From Stop Patriarchy

In Honor of Throw-Back Thursday

August 28, 2014 | Revolution Newspaper | revcom.us

 

Here is a piece I wrote last November. Read and consider what has happened since this was written eight months ago. We cannot sit back and wait for the courts to protect women. Last night at the second People's Hearing in Austin, Texas, Sunsara Taylor reminded us that we cannot look to politicians or the courts to save us; we might demand to be heard, we must demand the rights we deserve.

November 2013. I recently heard Sunsara Taylor speak to a student group at a nearby college. She spoke about the need to stand up against the intensifying war against women in this country. In particular, she spoke about the efforts of her organization, StopPatriarchy.org, to fight the attacks on abortion clinics and to challenge the outrageous laws being passed that limit women’s right to abortion. In recent months Taylor has traveled over 12,000 miles with other members of the Abortion Rights Freedom Ride to carry this message across the country. More recently members of Stop Patriarchy have been in Mississippi to support the Jackson Women’s Health Clinic, and are now in Albuquerque, NM to stand against a ballot initiative banning abortion at 20 weeks. She stressed that we must work together, not just locally but across the country, in order to bring real and necessary change.

Albuquerque, NM

Albuquerque, November 2013

During the question-answer period someone challenged Taylor’s approach to these issues. Rather than take to the streets or build networks of support across the country, why not just trust the courts? He pointed to recent advances in the area of gay marriage; ten years ago nobody would expect gay marriage to be legal and protected by the courts. The courts, he said, generally get it right if you wait long enough: Brown v Board of Education, The Civil Rights Act, and even Roe v Wade. We will see the courts again, he argued, come down on the side of women’s rights, even if it isn’t perfectly clear right now.

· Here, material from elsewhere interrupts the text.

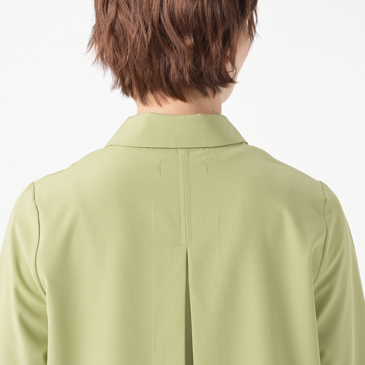 [商品寸法(ヌード寸法)cm] サイズ バスト 着丈 肩幅 袖丈 S:100(73〜81) 52.5 37 56 M:105(79〜87) 54 38 56 L:111(85〜93) 55.5 39 56 LL:117(91〜99) 57 40 56 3L:123(97〜105) 58.5 41 56 [素材] ポリエステル90% ポリウレタン10% [お手入れ] 洗濯機洗い可 [注意事項] ※商品寸法の誤差は多少発生します。ご了承下さい ※洗濯後は重ね置きしないで下さい ※洗濯後はすぐに脱水し、形を整えて干して下さい。長時間、水につけたままにしないで下さい ※素材の特性上、着用や洗濯・クリーニング時の摩擦により毛羽立ち、毛玉が発生します。その際はお早めに毛玉取り器等で手入れをして下さい ※直射日光や蛍光灯の影響で変色することがありますのでご了承下さい ※濃色製品は着用中の摩擦により色移りすることがあります。また、雨や汗等で濡れた状態で着用すると色移りすることがあります。その際はお早めに洗濯をして下さい ※洗濯やクリーニングにより徐々に色あせします。また、色落ちすることがありますので、他の物と分けて洗って下さい ※洗濯の際は裏返しにし、洗濯ネットを使用して下さい ※付属部分にアイロンを当てないで下さい 【中国製】

Taylor agreed that those were important court cases but she suggested that he had the order backwards. The wisdom of Supreme Court judges did not initiate in each new era of protections; the cries and demands of the people pressured the Supreme Court to address each issue. Before discriminating laws against African-Americans were overturned by the courts, there were boycotts, sit-ins, and marches to raise awareness and unify Americans against the assault on basic rights. In the 1960s Freedom Riders challenged racist laws by organizing groups of blacks and whites to ride interstate buses across the south. Activists were threatened, attacked, and some even murdered. The feminist movements of the 1960s and 1970s argued for access to better jobs and equal pay for women, they fought against discrimination and for the right of women to control their own bodies. The newly formed National Organization for Women (NOW) lobbied Congress for pro-equality laws and raised their voices in unison against the continued treatment of women as second-class citizens. Taylor made the point very clearly: first comes the outrage by the people, and then comes the attention of the courts.

In the summer of 2013 Abortion Rights Freedom Riders traveled through 27 states to build networks of support in this continuing war against women. In Jackson activists chanted loud and clear “Not the courts, not the state, women must control their fate” as they stood together in support of the last abortion clinic in Mississippi. Right now in Albuquerque pro-women’s groups have taken to the street to fight the Nov. 19 ballot initiative banning abortion after 20 weeks. We email, tweet, post on Facebook, talk on the phone, contribute to the cause, and raise our voices in unison.

We cannot wait for the courts to “get it right.” Only the cries and demands of the people will lead to real and necessary change.